Non poteva mancare qualcosa dei Primal Scream, in una selezione dedicata alla notte. Troppo importante il contributo del progetto di Bobby Gillespie alla causa dell’incontro tra musica rock e cultura dei club per poter essere trascurato. Lavori come Screamadelica, Vanishing Point ed XTRMNTR, anche ascoltati a due decenni di distanza, suonano innovativi, densi, carichi come uno scontro armato.

Ed è esattamente il suono di una protesta violenta di piazza, quello che si respira nei sette minuti di Swastika Eyes.

Pensateci: questo materiale infiammerebbe uno Zack De La Rocha che alle sue spalle non dovesse più trovare quel riccardone di Tom Morello, ma una Bomb Squad in versione hardcore techno. Gli ultimi novanta secondi si aggirano per le casse con sguardo famelico e trasformano la folla in un unico corpo danzante e inferocito.

Jon Hopkins | Everything Connected (10:30)
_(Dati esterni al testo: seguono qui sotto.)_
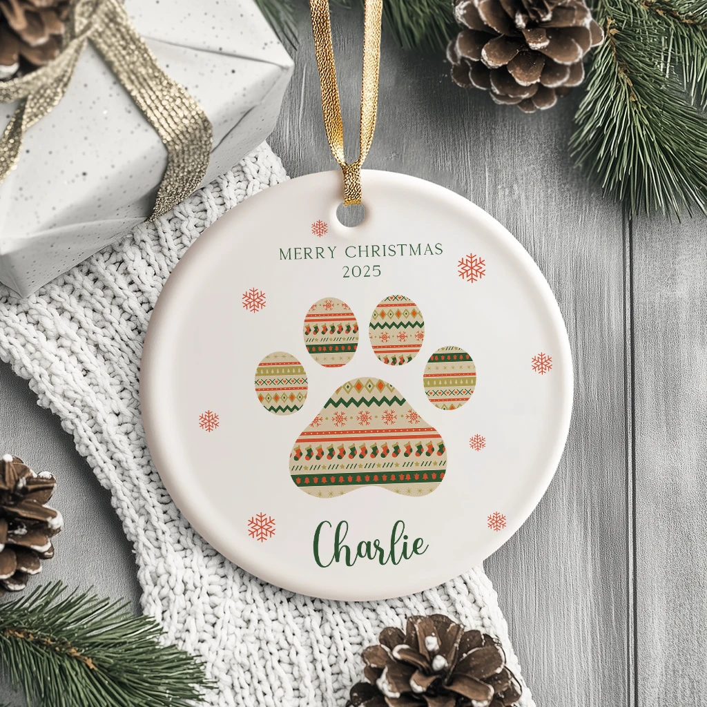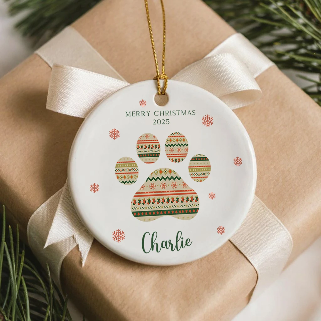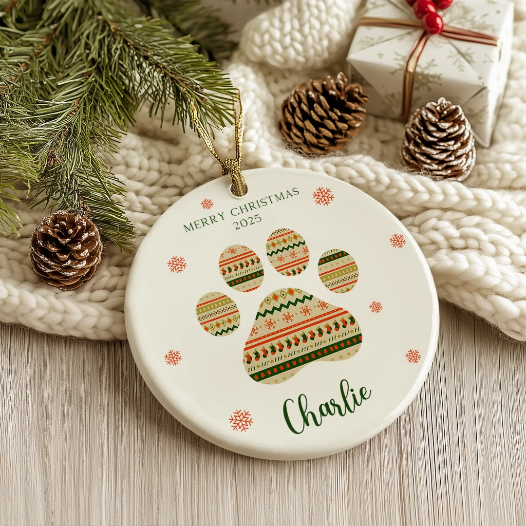 Cozy Cat Paw Print Christmas Ornament | Personalized Feline Name Ornament | Holiday Sweater Pattern Cat Lover Gift

“Una volta seduto in studio, segui l’istinto. Solo una volta che hai quasi finito sei in grado di guardarti indietro e dire: “Oh, già, ne è venuta fuori una trasposizione piuttosto fedele di quella volta che ho preso la psilocibina,” ma non sapevo che stavo scrivendo proprio quella. All’inizio avevo questa sensazione come di essere perso e un po’ confuso, ma poi subentra la sensazione di chiarezza, di un cielo sconfinato sopra di te, e tutto inizia ad acquistare un senso, e ci sono luci sopra di te che si illuminano seguendo il ritmo delle note. Sono sensazioni molto specifiche, che ho provato in questi stati di coscienza” (da un’intervista a Noisey, questa)
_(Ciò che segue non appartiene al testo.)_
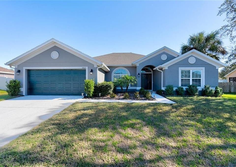 A unique floor plan from reputable Adams Homes, you'll appreciate the open floor plan and flow of this gorgeous home!This home is a MUST SEE! Shows like a model home, and is practically brand new! Built in 2017, it offers four large bedrooms PLUS a flex room! Fully fenced in, along with a separate dog run with a custom doggie door running right out into it! Wide open kitchen and great room, with a custom rustic accent wall is all you could ever wish for! Powered by solar energy, save all of that money for something fun! Sit on the spacious lanai and enjoy the weather or go shopping in this up and coming area! Enjoy big city conveniences without the price tag, high HOA fees or traffic while living somewhere you can have the small town feel! Only about five minutes to I-75!
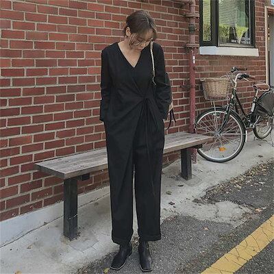 オールインワン レディース 長袖 サロペット パンツ ゆったり ロング 春 夏 秋 つなぎ オーバーオール パンツスーツ パンツドレス ワイドパンツ ワイド ジャンプスーツ 長ズボン 無地 コットン

Singularity, ovvero quando l’eccitazione da dancefloor incontra la meditazione trascendentale. Per qualcuno, il ritorno di Jon Hopkins a sei anni dal favoloso Immunity non raggiunge quelle vette. Per me – che con questo disco l’ho scoperto davvero e fatto mio – la prova di un talento, un senso dell’equilibrio e un’ispirazione costanti nel tempo.
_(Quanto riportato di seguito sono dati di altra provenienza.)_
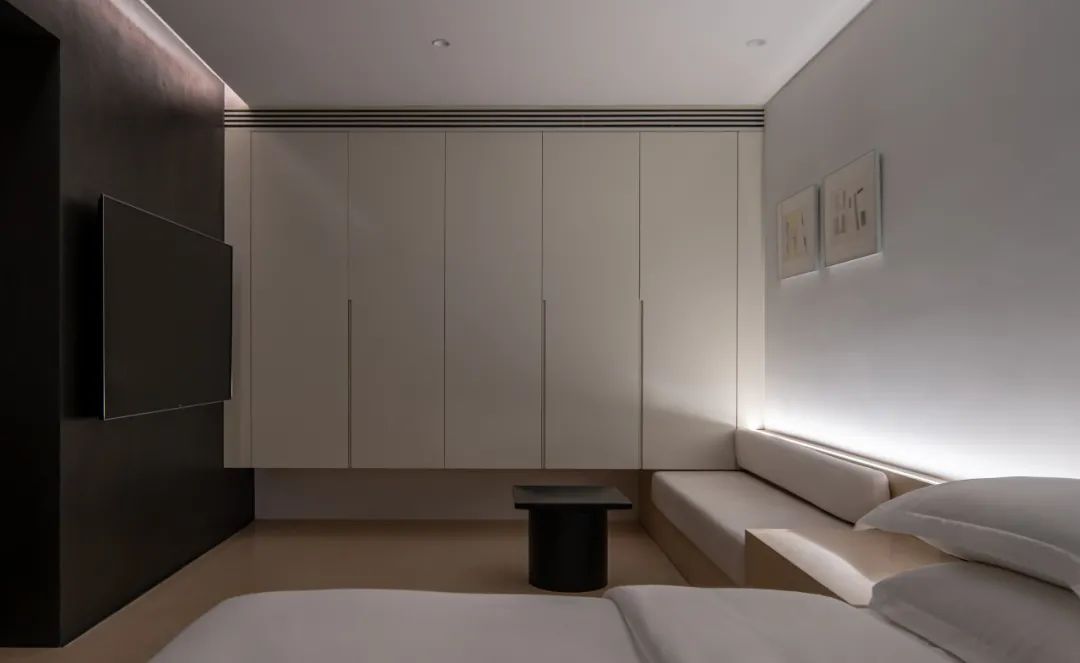 如开篇所说,整个设计中,我们希望能够营造并不断加强城市民宿所不具备的特性,也就是脱离城市的隐居感,最终这种感受得以在空间中呈现,身处于城市中的商务民宿,却拥有一种与世隔绝的静谧感,在这里的时间也是逃离都市的时间,这样一种寄托于感受的温柔的空间介入手段,在此项目中得以完美呈现。

Everything Connected è il sunto perfetto della sua techno umanista, una traccia monstre in cui il battito cardiaco accelerato – intorno ai 125 bpm – si incastra perfettamente alle pause ambientali sapientemente distribuite lungo il percorso.

Fattona e comunitaria nello spirito, questa dance fa percepire la vicinanza degli altri, il respiro della Terra, “la curvatura del mondo intero sotto la schiena” (bella, vero? Infatti non è mia). Una notte limpida compressa in dieci minuti, in time-lapse.